-- DATA EXCERPTS follows --

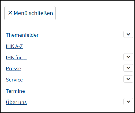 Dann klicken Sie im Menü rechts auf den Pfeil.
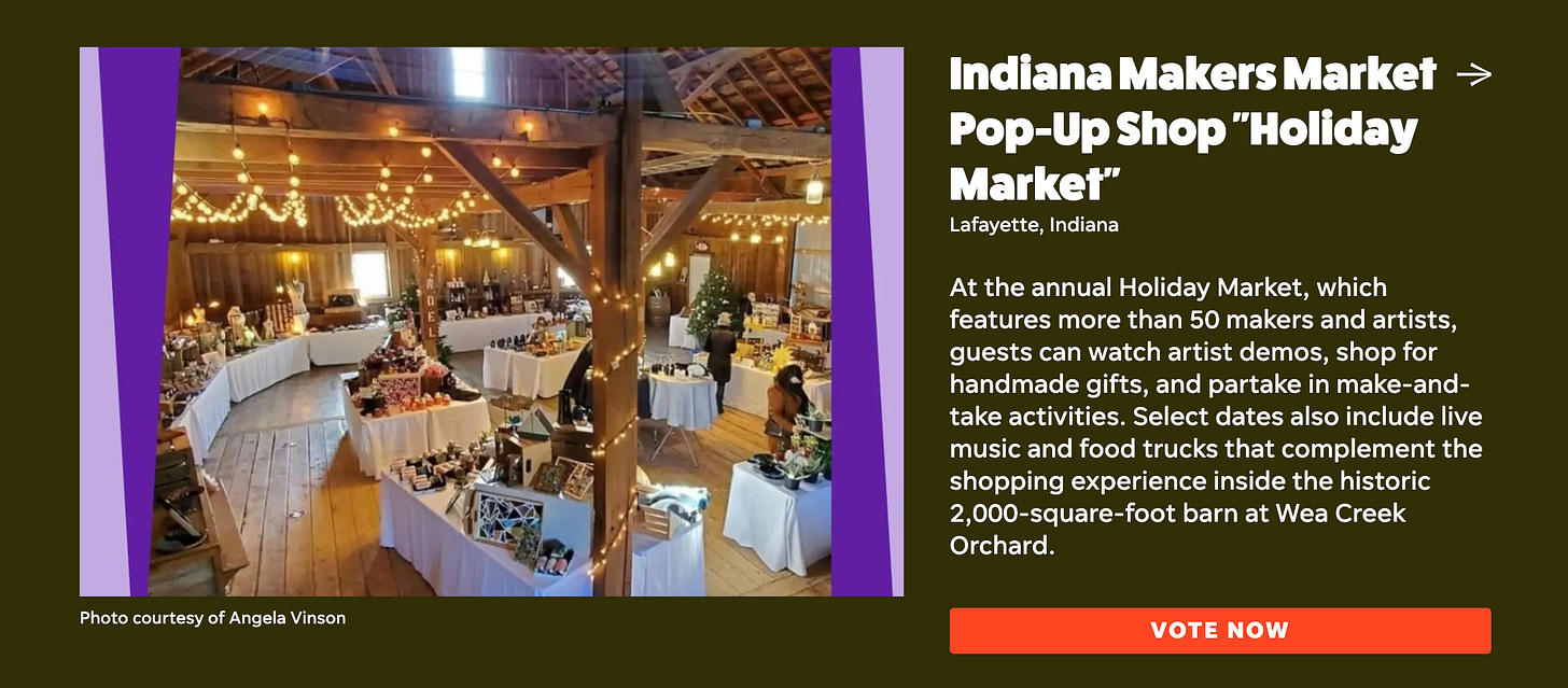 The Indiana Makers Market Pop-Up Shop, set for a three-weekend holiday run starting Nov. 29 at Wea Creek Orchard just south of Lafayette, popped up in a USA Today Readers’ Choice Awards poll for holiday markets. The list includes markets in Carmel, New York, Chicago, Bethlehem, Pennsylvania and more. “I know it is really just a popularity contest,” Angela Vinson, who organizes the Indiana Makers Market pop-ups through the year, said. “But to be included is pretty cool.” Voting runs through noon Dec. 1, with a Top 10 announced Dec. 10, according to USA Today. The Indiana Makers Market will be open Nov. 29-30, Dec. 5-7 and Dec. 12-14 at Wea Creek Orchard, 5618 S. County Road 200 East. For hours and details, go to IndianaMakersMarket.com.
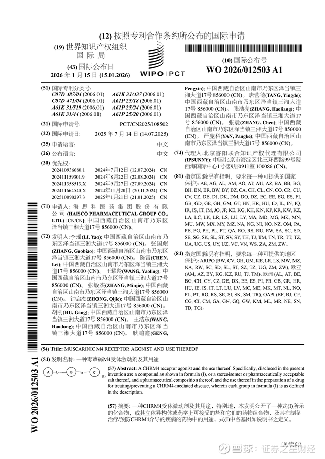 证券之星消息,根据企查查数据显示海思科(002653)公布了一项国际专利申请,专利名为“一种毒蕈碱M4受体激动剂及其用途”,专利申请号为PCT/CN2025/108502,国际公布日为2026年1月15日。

-- DATA EXCERPTS concluded --
-- DATA EXCERPTS follows --

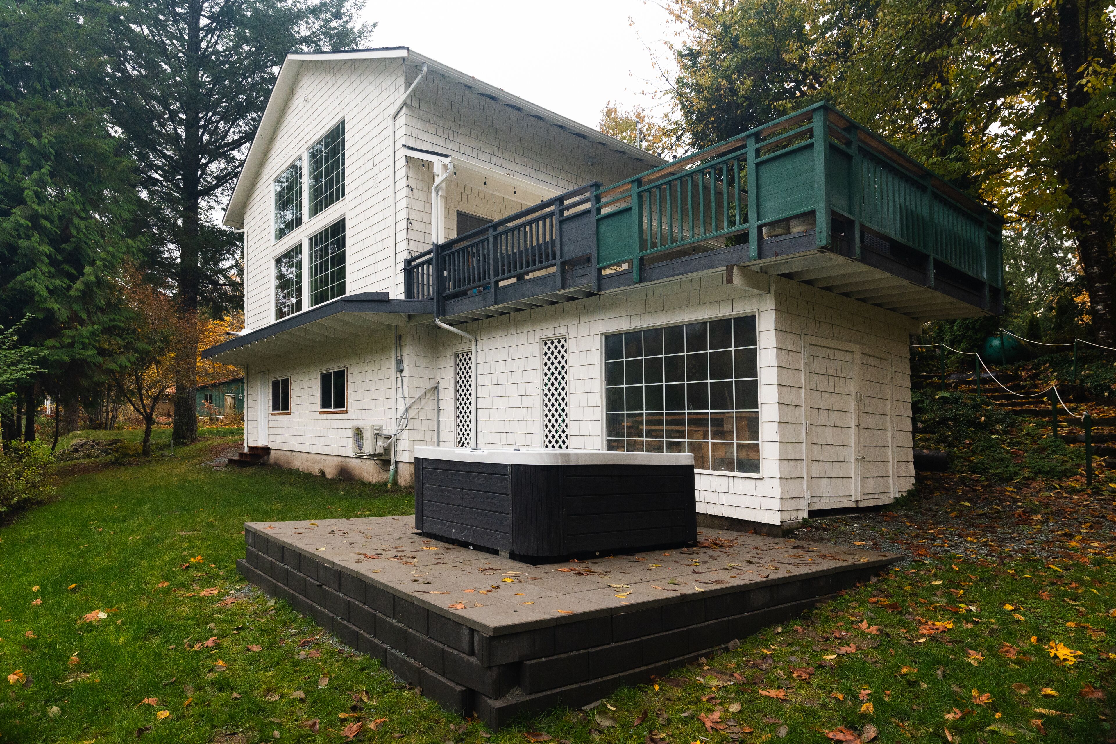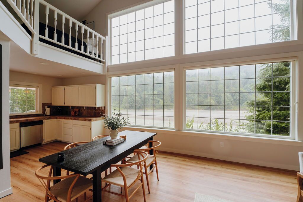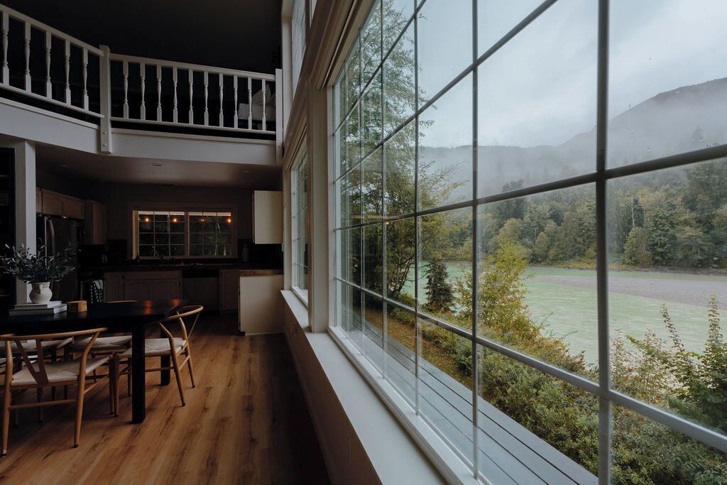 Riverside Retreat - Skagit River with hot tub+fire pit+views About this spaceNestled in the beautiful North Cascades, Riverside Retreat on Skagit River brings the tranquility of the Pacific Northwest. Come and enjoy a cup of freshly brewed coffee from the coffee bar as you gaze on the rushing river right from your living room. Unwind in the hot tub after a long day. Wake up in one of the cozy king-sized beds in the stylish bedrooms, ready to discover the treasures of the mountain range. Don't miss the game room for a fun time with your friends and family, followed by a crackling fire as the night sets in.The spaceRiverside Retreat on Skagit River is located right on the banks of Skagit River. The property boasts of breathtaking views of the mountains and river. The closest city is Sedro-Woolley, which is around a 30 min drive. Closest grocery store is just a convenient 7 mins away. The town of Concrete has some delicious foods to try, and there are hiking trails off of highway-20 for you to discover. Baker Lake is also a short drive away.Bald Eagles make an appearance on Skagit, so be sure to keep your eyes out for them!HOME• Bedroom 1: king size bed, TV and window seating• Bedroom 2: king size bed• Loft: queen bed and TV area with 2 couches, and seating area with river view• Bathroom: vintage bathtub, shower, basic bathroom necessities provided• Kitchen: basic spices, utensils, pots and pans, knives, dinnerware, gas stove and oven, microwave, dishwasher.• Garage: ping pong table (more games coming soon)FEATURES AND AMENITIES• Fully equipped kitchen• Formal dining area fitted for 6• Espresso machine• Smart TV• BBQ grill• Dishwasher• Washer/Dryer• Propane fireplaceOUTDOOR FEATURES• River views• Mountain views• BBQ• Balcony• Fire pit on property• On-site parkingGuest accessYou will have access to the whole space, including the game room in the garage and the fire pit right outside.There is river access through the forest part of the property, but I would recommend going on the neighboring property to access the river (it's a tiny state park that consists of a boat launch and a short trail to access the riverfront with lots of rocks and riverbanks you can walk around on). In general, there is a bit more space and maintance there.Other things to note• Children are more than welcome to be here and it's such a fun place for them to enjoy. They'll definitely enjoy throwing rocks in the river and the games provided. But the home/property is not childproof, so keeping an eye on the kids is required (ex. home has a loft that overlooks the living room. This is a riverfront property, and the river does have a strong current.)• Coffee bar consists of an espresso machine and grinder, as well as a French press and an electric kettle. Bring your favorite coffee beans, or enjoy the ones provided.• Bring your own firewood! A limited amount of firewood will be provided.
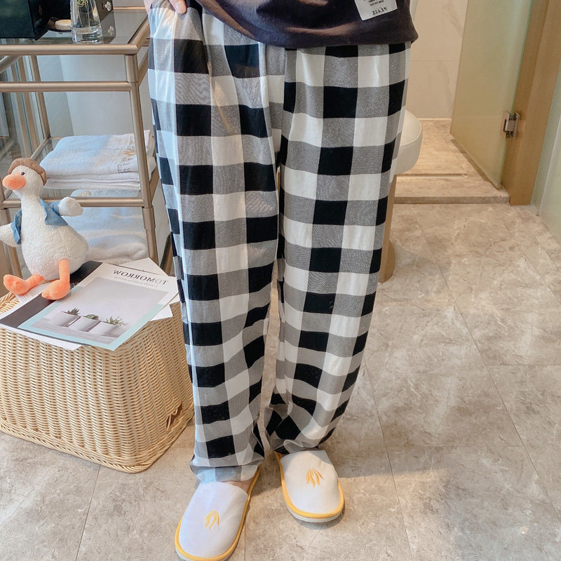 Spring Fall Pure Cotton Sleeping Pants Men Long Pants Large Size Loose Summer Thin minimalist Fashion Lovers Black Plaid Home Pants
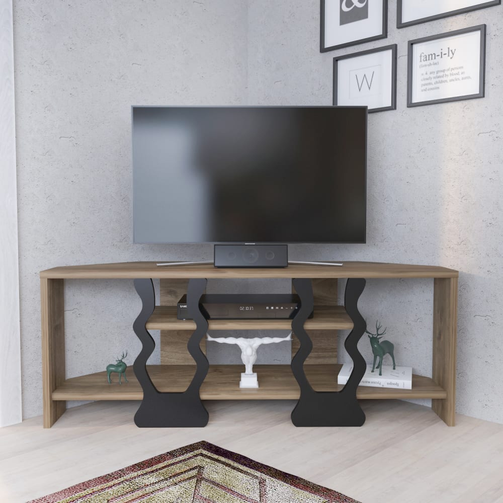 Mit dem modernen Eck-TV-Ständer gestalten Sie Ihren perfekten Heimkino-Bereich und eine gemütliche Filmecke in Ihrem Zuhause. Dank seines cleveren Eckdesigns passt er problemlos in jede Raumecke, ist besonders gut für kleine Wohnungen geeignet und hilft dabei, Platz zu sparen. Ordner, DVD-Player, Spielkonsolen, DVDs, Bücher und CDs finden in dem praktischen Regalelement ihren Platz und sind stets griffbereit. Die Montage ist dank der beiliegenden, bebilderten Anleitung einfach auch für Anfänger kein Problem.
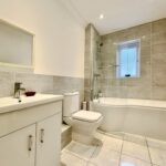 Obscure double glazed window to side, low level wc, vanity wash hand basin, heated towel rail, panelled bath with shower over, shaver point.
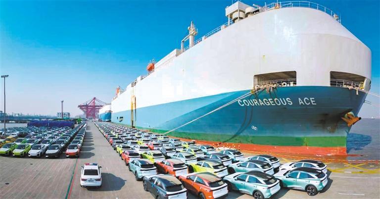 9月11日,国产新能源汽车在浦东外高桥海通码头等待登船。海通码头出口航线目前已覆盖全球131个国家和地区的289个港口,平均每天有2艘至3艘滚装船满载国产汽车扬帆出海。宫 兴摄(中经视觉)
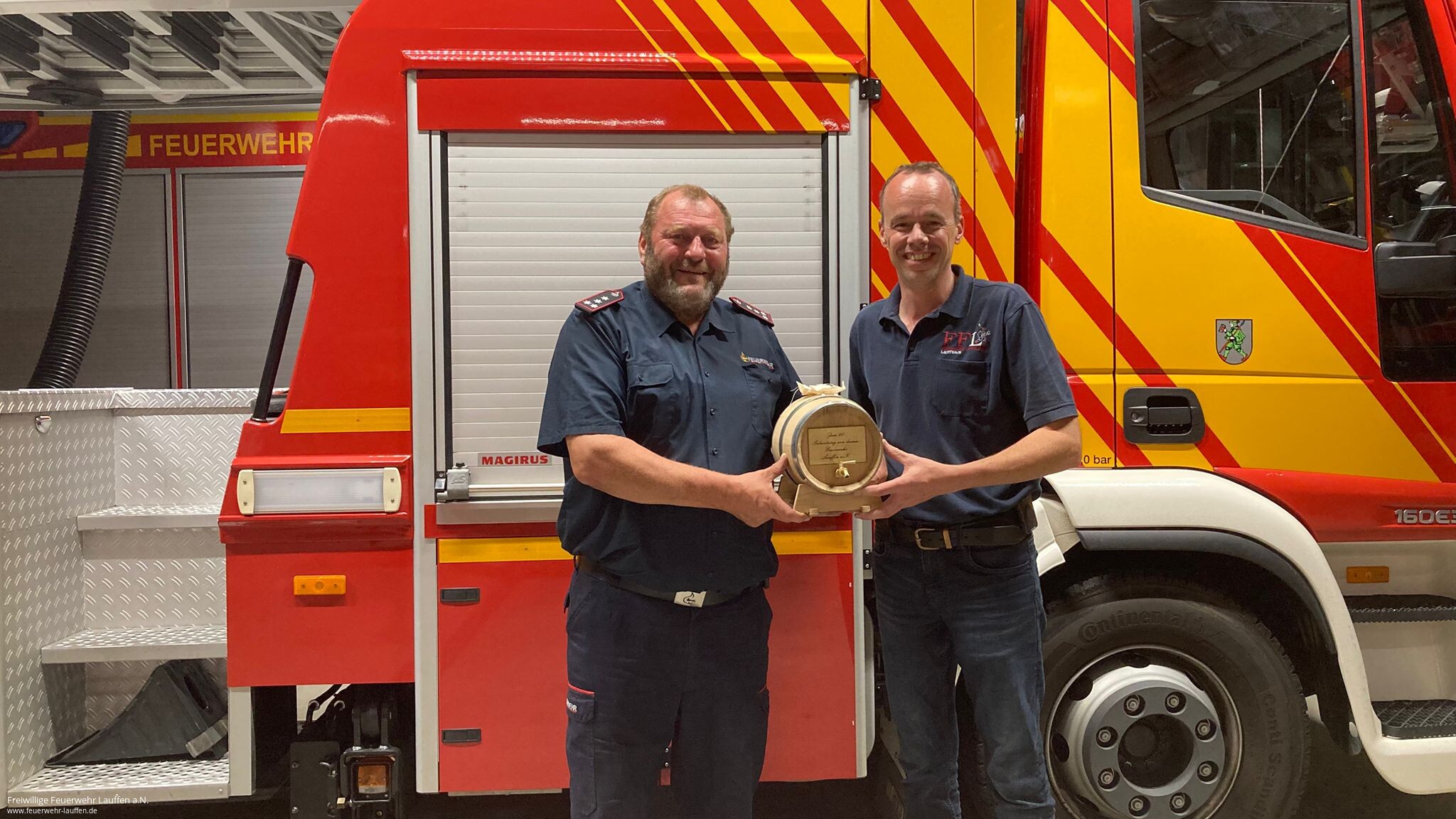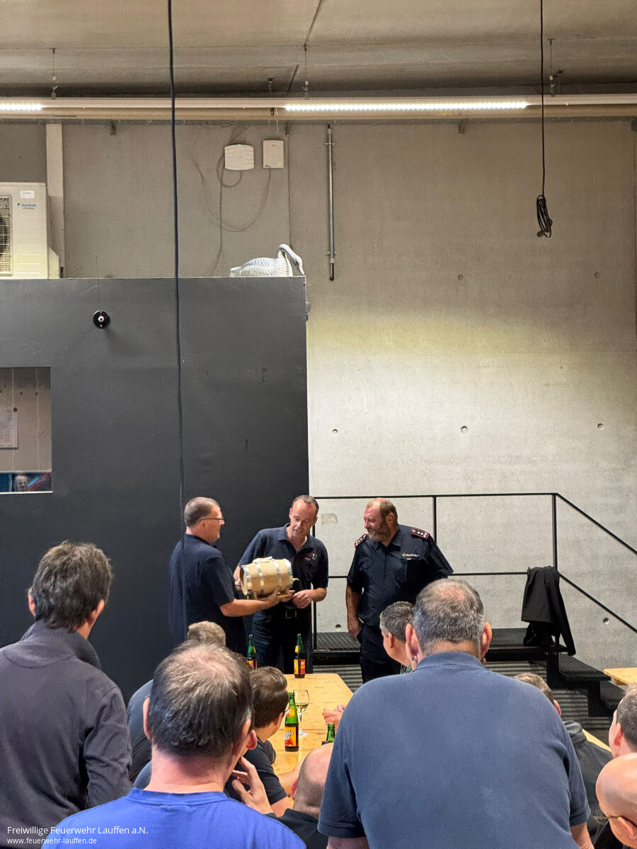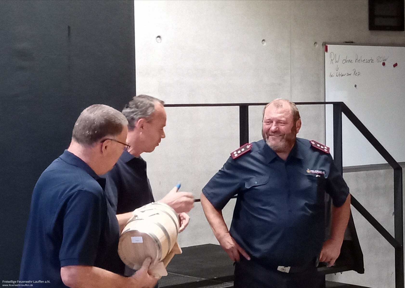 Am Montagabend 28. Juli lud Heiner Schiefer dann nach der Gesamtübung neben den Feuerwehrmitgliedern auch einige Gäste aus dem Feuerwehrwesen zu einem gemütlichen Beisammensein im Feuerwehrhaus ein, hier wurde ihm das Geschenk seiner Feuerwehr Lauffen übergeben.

-- DATA EXCERPTS concluded --

→ **WHAT YOU NEED TO DO**: Word for word, restate the lines above from the one with "9月11日,国产新能源汽车在" through the one with "Am Montagabend 28.", keeping both ends and dropping the pictures.

→ **TASK ANSWER**:
 9月11日,国产新能源汽车在浦东外高桥海通码头等待登船。海通码头出口航线目前已覆盖全球131个国家和地区的289个港口,平均每天有2艘至3艘滚装船满载国产汽车扬帆出海。宫 兴摄(中经视觉)
 Am Montagabend 28. Juli lud Heiner Schiefer dann nach der Gesamtübung neben den Feuerwehrmitgliedern auch einige Gäste aus dem Feuerwehrwesen zu einem gemütlichen Beisammensein im Feuerwehrhaus ein, hier wurde ihm das Geschenk seiner Feuerwehr Lauffen übergeben.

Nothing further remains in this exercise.